Por Adriana Muro
En México hay miles de víctimas de desaparición forzada. Miles de personas que, ante la más cruel de las incertidumbres, exigen conocer la verdad sobre el destino de sus seres queridos. La fortaleza ha mantenido en pie, como roble firme, a madres, padres, hermanos, parejas e hijos que llevan años buscando sin descanso. Así han logrado visibilizar la necesidad de romper el círculo de impunidad y revictimización por parte del Estado. También han sumado la unión de colectivos nacionales y extranjeros para pelear por una ley contra la desaparición forzada.
Pero, ¿qué es una desaparición forzada? Es cualquier forma de privación de libertad en la que participan agentes del Estado o cometida por personas que actúan con su autorización, apoyo o aquiescencia, seguida del ocultamiento del paradero de la persona desaparecida. Es tan grave que así ha sido definida por la Convención Internacional para la protección de todas las personas contra las desapariciones forzadas. Duele tanto, porque la desaparición está cargada de múltiples ofensas que impactan toda la esfera de derechos de la persona y que quiebra y desmorona a los familiares, al no saber dónde está su ser querido ni quién lo desapareció.
Esta práctica ha sido utilizada desde los sesentas en el marco de las dictaduras militares en Sudamérica donde desaparecieron miles de estudiantes, profesores y líderes sociales que estaban en contra de los gobiernos autoritarios. También en conflictos armados no internacionales donde comenzó a llevarse a cabo no solo por agentes estatales sino también por grupos al margen de la ley que hacían parte del conflicto. Tal es el caso de Guatemala, El Salvador, Perú y Colombia.
En la ficción democrática que ha acompañado a México desde mediados del siglo XX, la desaparición forzada ha sido una práctica silenciosa pero recurrente. Durante los sesentas y setentas, se adoptó el modus operandi de las dictaduras militares que impactó en la vida de miembros de movimientos estudiantiles, lideres sociales, población campesina y comunidades indígenas.
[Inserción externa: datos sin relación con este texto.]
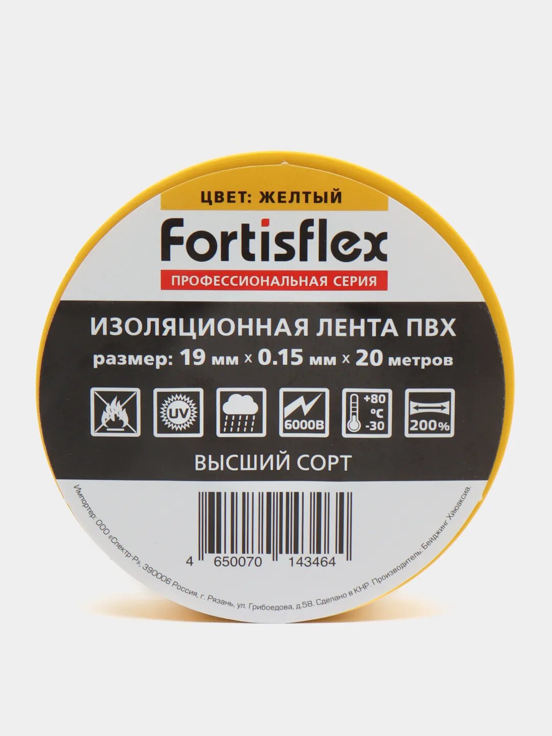 Fortisflex Изолента ПВХ 19х0.15х20 желтая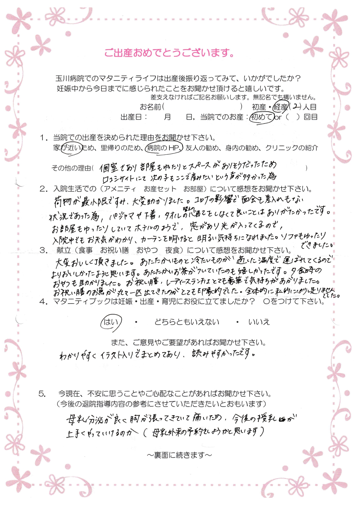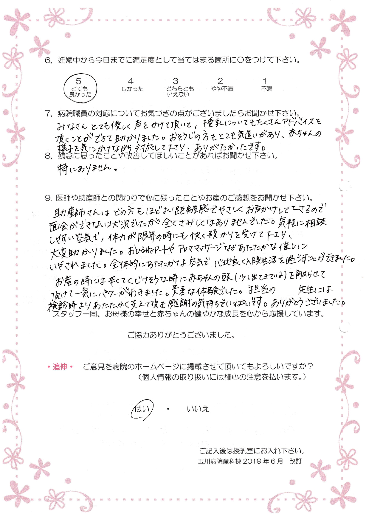 【9】 助産師さんはどの方もほどよい距離感でやさしくお声かけして下さるので面会ができない状況でしたが全くさみしくはありませんでした。気軽に相談しやすい空気で、体力が限界の時にも快く預かりを受けて下さり、大変助かりました。おひるねアートやアロママッサージなどあたたかな催しにいやされました。全体的にあたたか空気で心地良く入院生活を過ごすことができました。お産の時には辛くてくじけそうな時に赤ちゃんの頭(少し出てきている)を触らせて頂けて一気にパワーがわきました。貴重な体験でした。担当の○○先生には検診時よりあたたかく支えて頂き感謝の気持ちでいっぱいです。ありがとうございました。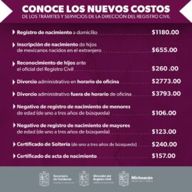 Morelia, Michoacán, 7 de enero de 2024.- La Secretaría de Gobierno informa los precios que tendrán los trámites y servicios del Registro Civil para este año, de acuerdo a la Ley de Ingresos del Estado de Michoacán. Las certificaciones de actas de nacimiento costarán 157 pesos; las actas...

Más recientemente, desde la improvisada guerra contra las drogas iniciada por Felipe Calderón y continuada por Enrique Peña Nieto, según el Registro Nacional de Persona Extraviadas o Desaparecidas, en México hay, al 30 de abril de 2017, treinta y dos mil personas desaparecidas. Sin contar el subregistro que documentan organizaciones de la sociedad civil de casos que no son denunciados o catalogados como desaparición.
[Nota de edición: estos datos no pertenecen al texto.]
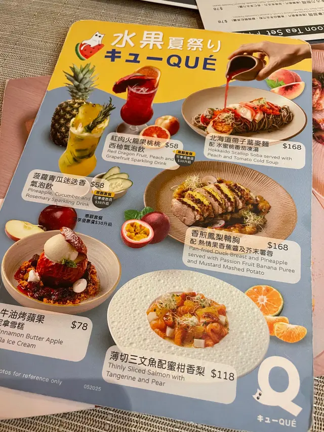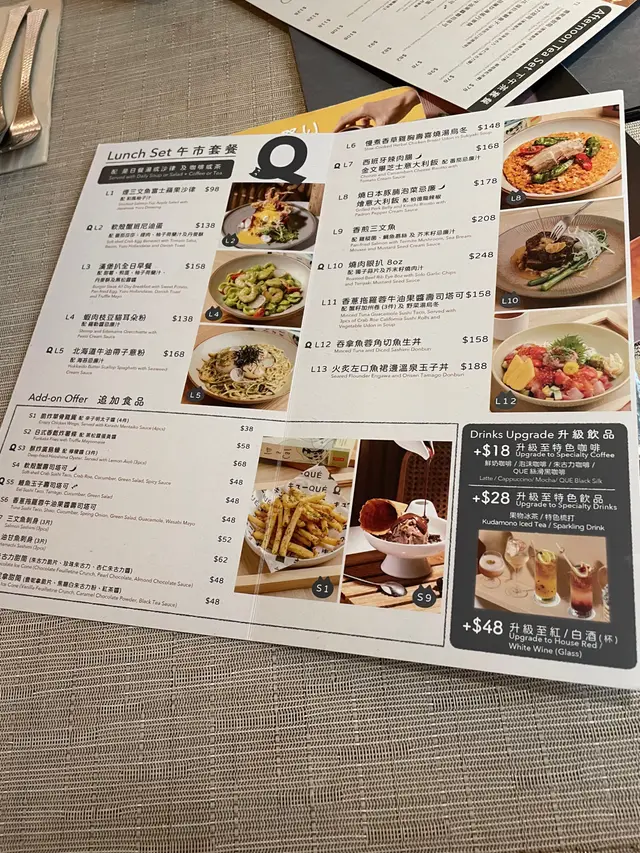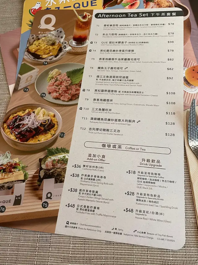 行完寶蓮寺,落番東涌搵食,但响東薈城望下佢果堆餐廳list都唔太啱食咁,响遠處見到好大隻「Q」字,望落似餐廳同唔少人,就行去望下。「QUE」對我嚟講有啲陌生,我响OpenRice見佢都唔少分店,見好多Foodies評分都唔錯就入去試下。店內嘅環境都好乾淨舒適,好優閑嘅感覺。我哋5點入座,除了可以點下午茶餐外,仲可以點午餐。我哋都係揀下午茶餐,我哋分別點咗「黑松露野菌意粉配木魚絲及帕瑪芝士」同「蒲燒鰻魚忌廉炒蛋意大利飯丼」,再加多份跟餐嘅追加小食「日式香鬆炸薯條配黑松露蛋黃醬」。但我發覺點錯嘢,三款嘅菜式都係好「漏」,芝士、忌廉、蛋黃醬!到我打呢篇食評時都成10點幾,但都仲未消化到,認真誇張。雖然好似唔消化咁,但佢三款嘅菜式都好令人回味。「日式香鬆炸薯條配黑松露蛋黃醬」呢個我除咗嫌佢個薯條有啲幼外,我覺得佢個薯條勁正,佢做到好似shake shake薯條咁好香濃同惹味,點上黑松露蛋黃醬,完全係味蕾爆發,令成個薯條嘅味到大大提升,每一條薯條,都要沾滿佢個蛋黃醬先夠滿足,但正正我咁點法,到最後係唔夠醬點!「黑松露野菌意粉配木魚絲及帕瑪芝士」上到菜我誤會咗啲四方粒粒係魚,好少可會將啲菇切到咁大粒,食落好有口感,松露同芝士嘅味道都好突出,意粉嘅軟硬度亦剛好,但我估唔到佢係有啲heavy,我以為好似食齋咁應該冇乜嘢,最後都係食唔落。「蒲燒鰻魚忌廉炒蛋意大利飯丼」好耐冇食過鰻魚,佢有三大塊,燒得好靚同佢個燒汁好均勻,魚遺冇乜骨,加上佢個忌廉炒蛋,將佢同個飯撈埋一亦食係非常完美。佢個飯有加忌廉一齊煮,成件事係邪惡x2,幸好佢將飯煮得creamy之餘,亦煮得效淋身,唔係應該會食到胃痛。另外要讚嘅係佢個小配菜醃蘿蔔,佢不單只爽脆,而且帶有柚子嘅香甜味,連我唔食呢啲嘢嘅人都覺得驚喜。「凍檸檬茶」好多人都會覺得凍檸茶唔係都要講一餐下話!但係我就係覺得佢有啲唔普通,我哋都飲得出佢有種花香嘅味道,好似花茶加上檸檬,我覺得幾特別,好relax嘅感覺。最後埋單301蚊,下午茶嚟講唔算話好平,但佢地都比到應有嘅食物質素,環境衛生同服務等都做得唔錯,我覺得值得再試下佢更多唔同嘅菜式。…查看更多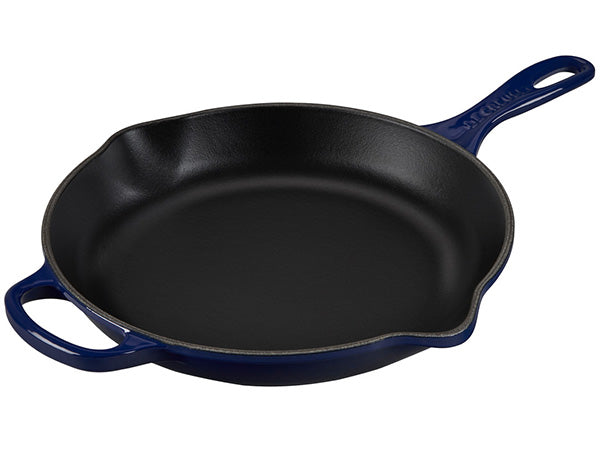 Your favorite skillet just got better! Le Creuset has refreshed its classic skillet line, adding several new Signature touches to its original workhorse design. The new 10.25" Signature Skillet features the same durable enameled finish and matte black interior enamel as the original, but the pan now features the Signature loop handle to make it easier to lift the skillet and move it to your stove top, oven or table.
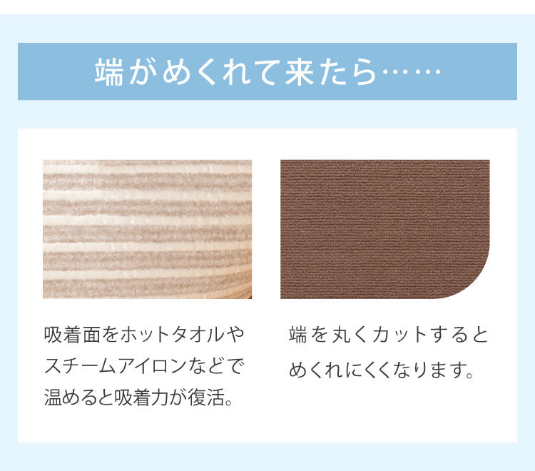 ・掃除機をかけても、裏面の吸着効果でめくれ上がることがないので、お掃除もラクラク!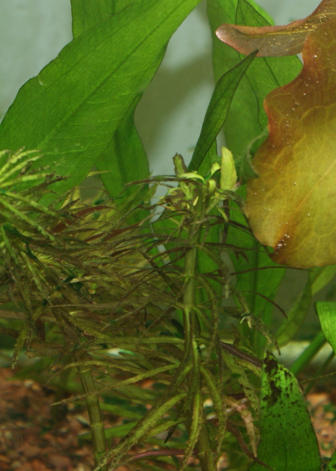Прошу совета по гигрофиле,я ее недавно посадил,у нее верхушки как то изогнулись вниз!может света много?А снизу из стебля лезут новые растения.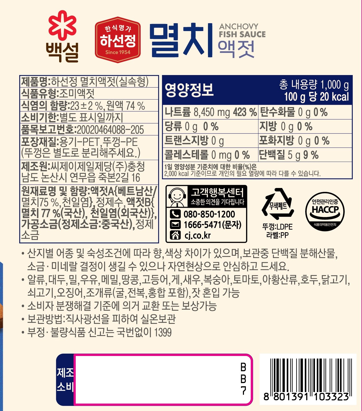 Hasseonjeong經濟型鯷魚魚露,經過精心發酵而成,為您的料理帶來豐富的鮮味。這款魚露不僅能提升食物原有的風味,還能廣泛應用於各種韓式料理,例如製作美味的泡菜或是在湯品中代替鹽和醬油,讓您輕鬆烹調出專業級的美味。大容量包裝經濟實惠,非常適合家庭使用,讓您隨時都能享受道地的韓式風味。無論是新手還是料理達人,都能輕鬆上手,為您的餐桌增添更多美味選擇。開封後請務必冷藏保存,以確保最佳風味。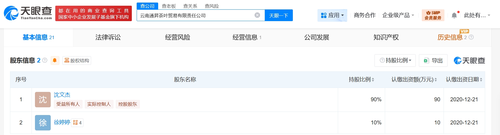 天眼查工商信息顯示,云南通昇茶葉貿易有限責任公司成立于2020年12月,法定代表人為徐慶梅,注冊資本100萬人民幣,經營范圍含酒、飲料及茶葉的銷售,茶葉包裝設計等。股東信息顯示,該公司由沈文杰、徐婷婷分別持股90%、10%。值得一提的是,2024年年報信息顯示,該公司職工基本醫療保險參保人數為5人,生育保險、工傷保險、城鎮職工基本養老保險、失業保險參保人數均為0。

Además, en los últimos dos sexenios hay evidencia de la desaparición por parte de particulares pertenecientes a grupos de la delincuencia organizada, con tolerancia del Estado. No obstante su gravedad, esos hechos han sido minimizados con el verbo levantar. En ese sentido, la desaparición en México no es vista como una violación a derechos humanos y el gobierno pretende reducirla a una problemática entre actores de la delincuencia organizada y no como un problema de seguridad que pone en riesgo a la población en general.
Por eso urge una ley de desaparición que despierte la solidaridad de la sociedad mexicana. Una que sea construida desde abajo, como señala la Oficina del Alto Comisionado de Derechos Humanos en México, y que recoja las principales demandas de los familiares, dándoles poder, resaltando su dimensión ciudadana con derechos y no su condición de víctimas.
En eso precisamente han trabajado muchas familias. Una legislación que se basa en la experiencia y el contexto particular mexicano, y en los modus operandi de la delincuencia organizada. Es una ley que busca garantizar la efectividad y funcionalidad en todos los niveles de gobierno para la respuesta de dos interrogantes: ¿dónde está? y ¿quién fue? Su contenido incluye que no sea necesario esperar 72 horas para iniciar la búsqueda, que el paso del tiempo no impida perseguir el delito, la consolidación de un registro para cruzar información, la conformación de fiscalías especializadas, el fortalecimiento en la respuesta de atención y reparación de víctimas y un enfoque diferencial frente a las desapariciones de mujeres y de personas migrantes en su tránsito por México. En últimas, la ley se convierte en un símbolo para reconocer el dolor de este violento México.
¿Qué podemos hacer para honrar este esfuerzo? Seamos empáticos. La desaparición sucede porque se permite. Presionemos al Congreso para que en el período legislativo que recién comenzó se apruebe la ley y se incluya el presupuesto necesario para materializarla. Démosle al tema la importancia que merece.